To think that Leo would himself die from a COVID-19 infection in an overfilled Toronto hospital, is hard to take. He needed medical treatment because in summer, he started to feel severe back pain which gradually became worse. He didn’t mention it the last time we had a Skype videocall conversation in late July — we just talked about politics and our excitement at the new additions to our families.
On November 6, I had the honor to sit on the same panel as Leo for the last time.

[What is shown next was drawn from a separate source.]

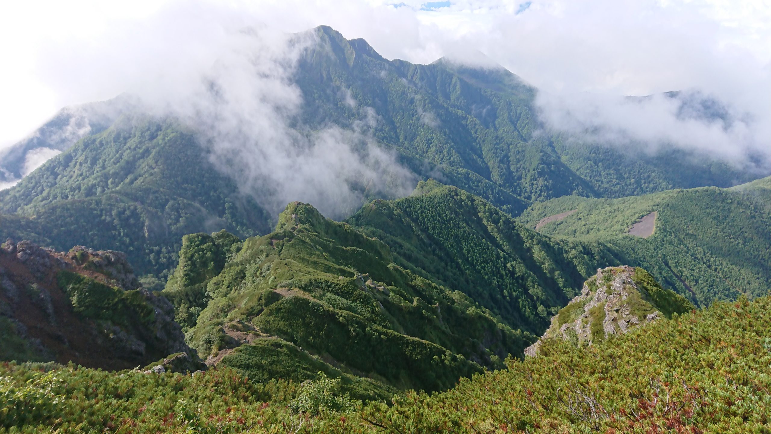 コースは変化があって面白いが、天気が悪く眺望がほとんど無かったのは残念。カクさん、アオさんとも足が速く、登りでも下りでも付いていけなかった。

I was chairing a panel on the US election with Leo, Meagan Day, and Bill Fletcher Jr. Three weeks later, Leo informed some of us that he had been “admitted to the hospital over a week ago,” because his back pain had gotten “much worse.” In the hospital, after a week of testing, he was diagnosed with cancer.
But Leo remained optimistic until the very end, saying that he expected to live ten years or more. Only his closest friends and collaborators like Melanie, Donald Swartz, Greg Albo, Sam Gindin, and Angela Joya knew how serious things became, due to the combination of COVID-19 and pneumonia. On the evening of December 19, the big heart stopped beating.
In his field, Leo Panitch feels almost super-human. But he was also a man. His humility, his lack of arrogance, and his real interest in what made his students — and people in general — tick seemed otherworldly in a world of professorial pretentiousness and intellectual mediocrity.
Leo Panitch can never be replaced. But his spirit lives on — in the hearts he has touched, and in the way he shaped a generation, with others to follow.